Dubai: A cleaner, who took money from bankers to pay for their parking and tampered with Roads and Transport Authority (RTA) parking tickets using snickered numbers, was handed suspended imprisonment.

An RTA inspector had suspected a parking ticket placed on the dashboard of a car in front of the bank in Naif in August before his hand-device system exposed that the ticket’s details were forged.

The inspector called the police to investigate the forged ticket.

When a policeman entered the bank to inquire about the car owner, who had the forged parking ticket on the dashboard, it was discovered that the vehicle belonged to an Emirati woman.

The woman later told the policeman that she had paid Dh26 to the 30-year-old Bangladeshi cleaner, just like many other bank employees, to purchase a seven-hour parking ticket and post it on her dashboard.

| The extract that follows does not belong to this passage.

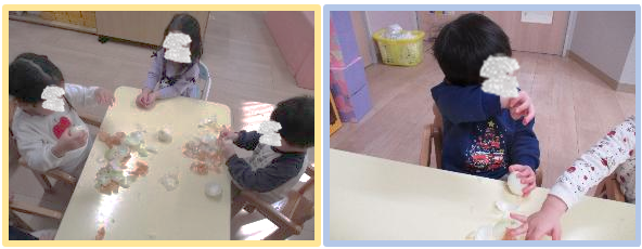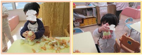 玉葱の皮が薄く、むくのに苦戦していましたが、先生やお友達と一緒に頑張ってむいて、綺麗な白い玉葱をみつけていました!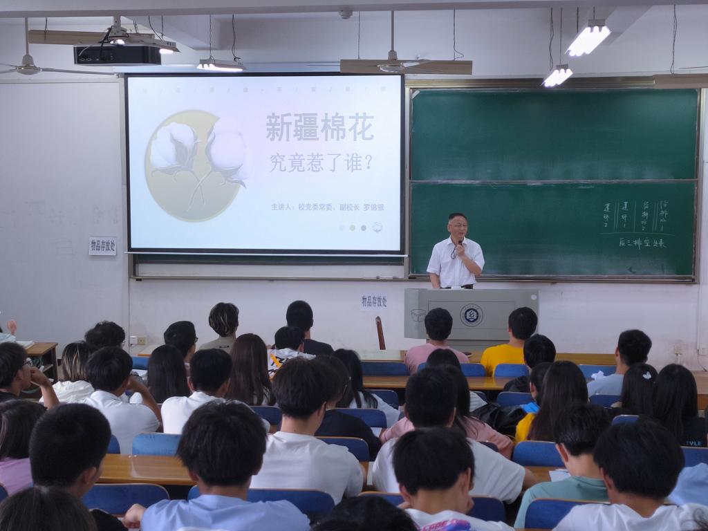 5月25日下午,公司党委常委、副董事长罗锦银出现在03-216教室,他以《新疆棉花究竟惹了谁?》为主题,为英国365集团网站建环、给排水专业2020级员工上了一堂时代性强、剖析深刻、极具启发意义的《形势与政策》课。

When confronted by the woman’s claims, the cleaner admitted that he had put the ticket on the dashboard.

The parking ticket was found to have been tampered with as the original timing had been covered with snickered numbers.

The Dubai Court of First Instance convicted the Bangladeshi defendant of forging RTA parking tickets and using them.

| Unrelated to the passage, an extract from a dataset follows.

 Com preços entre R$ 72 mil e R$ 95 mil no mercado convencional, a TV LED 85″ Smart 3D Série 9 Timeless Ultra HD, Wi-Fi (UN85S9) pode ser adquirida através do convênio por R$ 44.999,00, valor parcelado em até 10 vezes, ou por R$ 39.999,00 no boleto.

The court handed the defendant, who had pleaded guilty, a three-month suspended imprisonment on grounds of leniency.

However, the accused will be deported according to the primary judgement that remains subject to appeal.

The Emirati woman said that she and coworkers always paid money to the defendant to place parking tickets on their cars.

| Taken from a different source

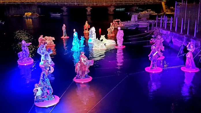 Si inizia alle ore 17:00 con la solenne benedizione da parte di S.E. Mons. Luigi Vari del “Presepe Galleggiante” presso la Torre di Mola, una delle novità di quest’anno un presepe post moderno dipinto a mano dall’ artista formiana Palma Aceto, una vera e propria innovazione per tutto il Sud Pontino, una natività totalmente realizzata sull’acqua.

“On that day, I gave the defendant Dh26 to pay for my seven-hour parking while I was in office. At 11am, the policeman came in and asked about the owner of the car that had my number plate. He told me that the parking ticket on my car had been forged … I explained to him that I had paid the money to the defendant to put the tickets. When I asked him how had the forgery happened, he took out the ticket from his pocket and showed me that the numbers had been tampered with snickered numbers,” she testified.

The RTA inspector testified that the forged ticket he had discovered at 10am only covered the parking time of an hour and not three hours as it was supposed to expire at 12.22pm (as per the forged timings on the forged ticket).